A push for ‘I’m sorry’ bill
Doug Wojcieszak of Illinois understands just how powerful the words “I’m sorry” can be.
“We got money, but no apology, no explanation,” said Wojcieszak, who testified in favor of “I’m Sorry” legislation in front of the House Labor Committee yesterday, about the events following his oldest brother’s death due to medical error.
Using his personal experience and work in public affairs for the Illinois legislature, Wojcieszak began Sorry Works!, an advocacy and training group that promotes medical disclosure practices.
“It’s about keeping people connected if something goes wrong,” said Wojcieszak, explaining that the relationship between doctors and patients can be one of the most important and should not be jeopardized by a doctor’s inability to show empathy. Wojcieszak spoke in an interview with the Beacon prior to his testimony at the State House.
Wojcieszak was asked to come and testify at yesterday’s hearing by Steven DeToy and the Rhode Island Medical Society (RIMS).
DeToy, RIMS and Warwick Representative Joseph McNamara have sought to get an “I’m Sorry,” or benevolent gestures, law onto the books for almost five years, and DeToy often used the Sorry Works! website as a resource.
“I think that there is a possibility that those in the legal practices have debated whether or not these expressions of sympathy are immiscible in court,” said McNamara in a phone interview on the failure of previous bills.
Even following the high profile support of actor and Warwick native James Woods during last year’s campaign, no law was passed. After Woods’ brother, Michael, died, the actor brought a lawsuit against Kent Hospital. As part of a settlement, the hospital set up the Michael Woods Institute to facilitate new hospital procedures.
Currently, 36 states have versions of “I’m Sorry” laws, including Massachusetts and Connecticut.
“If something seems the least bit good for doctors, lawyers oppose it; if something is the least bit good for patients, the medical community opposes it,” said Wojcieszak, who has visited almost 45 states to speak about his disclosure process.
“The way our legal system works, both sides are told not to talk to each other,” said DeToy, adding that the ability for doctors and families to have conversations and gain closure leads to fewer medical malpractice lawsuits.
McNamara echoed this fact, explaining that when Michigan Medical Center adopted a similar practice in 2002, the number of malpractice suits was cut in half over five years.

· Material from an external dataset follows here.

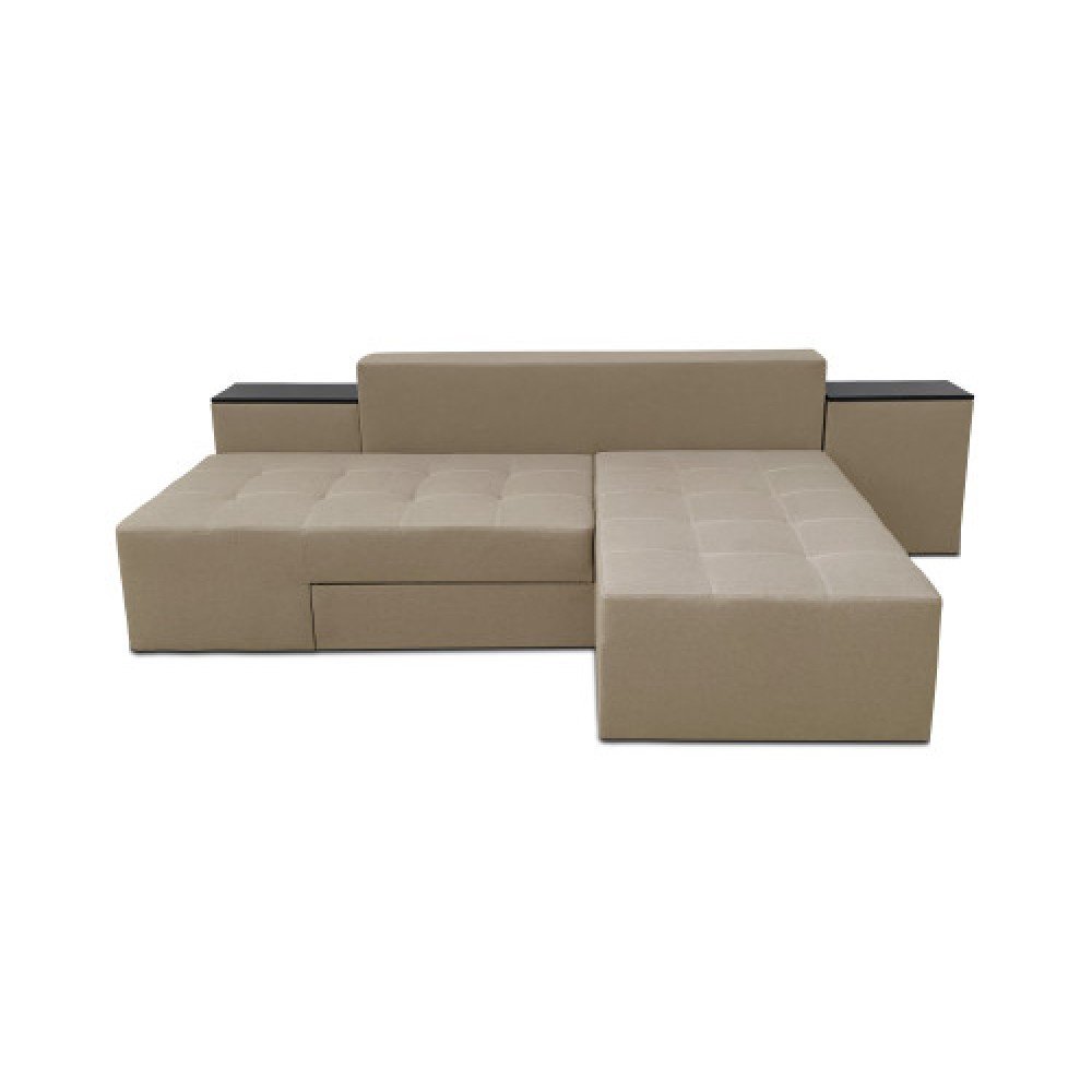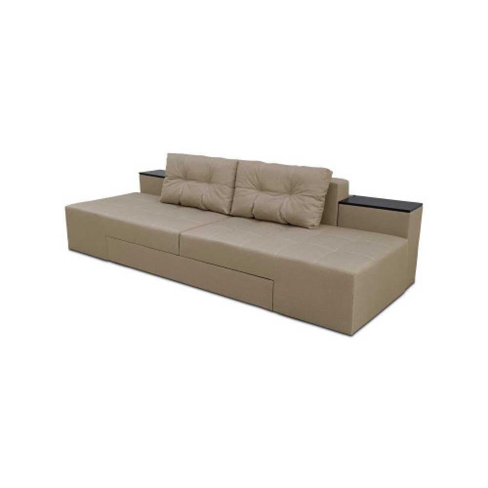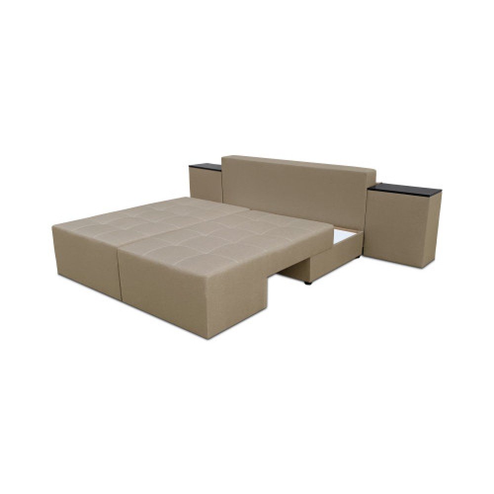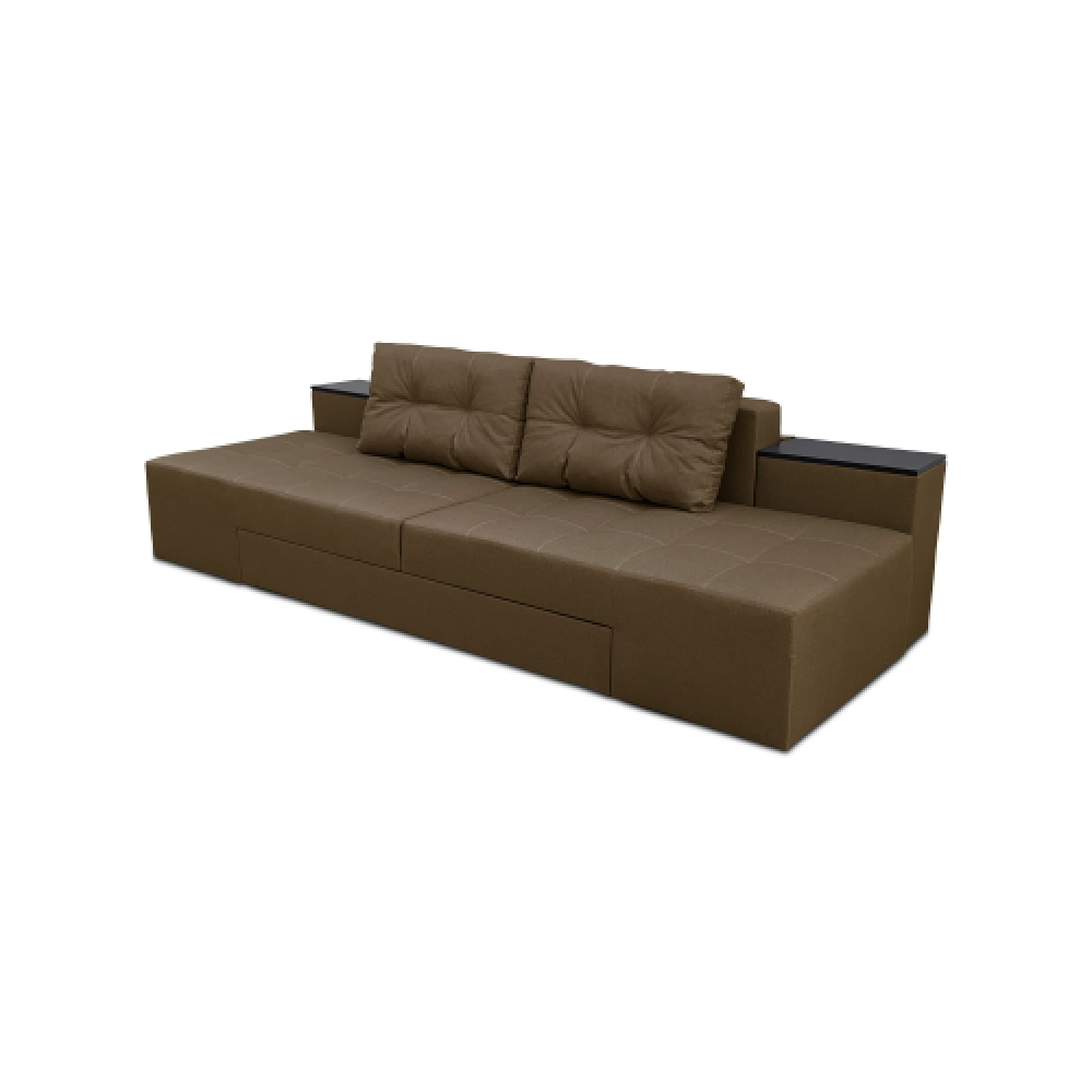 має 3 варіанти розкладки: прямий на 5 посадочних місць, ліжко двоспальне повноцінне (160х200), кутовий диван взаємозамінний (кут змінюється поворотом дивана). В бильцях у ізголів'я є ніші. В коробі знизу ящиків не має.

Despite the state’s history, DeToy and McNamara are hopeful that this year’s more refined legislation will change the minds of the committee.
In addition to the removal of an unanticipated outcomes clause that caused concern in previous years, DeToy believes the fact that many committee members are familiar with the issue will make a change.
“At some point, it’s common sense,” said DeToy. “It’s inevitable.”
Wojcieszak sees three main reasons for the implementation of “I’m sorry” legislation: reducing instances of medical malpractice, making medical practice safer and helping to heal doctors and nurses.
“Doctors and nurses suffer as much as we do,” said Wojcieszak, explaining that cases of depression, broken families and suicides are common among medical practitioners involved in medical errors.
In Wojcieszak’s opinion, legislation such as this speeds up the process of implementing his disclosure education. Wojcieszak explained that he trains individuals in the medical field, whether they are doctors, hospitals or council, to start by having a conversation with the family. They can apologize without hesitation for the situation, inform the family that a review will be conducted within a few days and offer to help the family with anything they may need.
“If we can fix the problems, why do we have to go to court? We got money, but no apology, no explanation,” said Wojcieszak.
Following the initial meeting, a review of what happened is conducted by third party experts from places such as Harvard and Stanford. Once the review is complete, the report is given to the family.
If it is found that the doctors or hospital is at fault, they apologize, and offer to provide financial and emotional assistance. If no mistake is discovered, the report is provided to the family and they are welcome to conduct their own review with their own experts.
“At the end of the day, either side can still go to court,” said Wojcieszak. He adds that if mistakes are found through the use of these reviews, similar mistakes can be avoided in the future.
McNamara sees the presence of apology laws as beneficial to doctor-patient relationships.
“It is a very human emotion, when someone makes a mistake to expect them to apologize. The fact that medical practitioners have been hesitant to do this because it can be used against them in medical malpractice suits has been very detrimental to the doctor-patient relationship,” he said.
McNamara went on to say that the law provides “therapeutic closure” for both doctors and patients.
Yesterday afternoon, Wojcieszak was hopeful that his testimony not only sent a message to the committee but to the entire Rhode Island medical community that “this is good for you.”
Even if no decision is made regarding the creation of an apology law in Rhode Island, Wojcieszak encourages his process in area hospitals. He has trained doctors and hospitals in areas with and without the presence of a law. He also takes calls from individual doctors who need help handling a particular situation.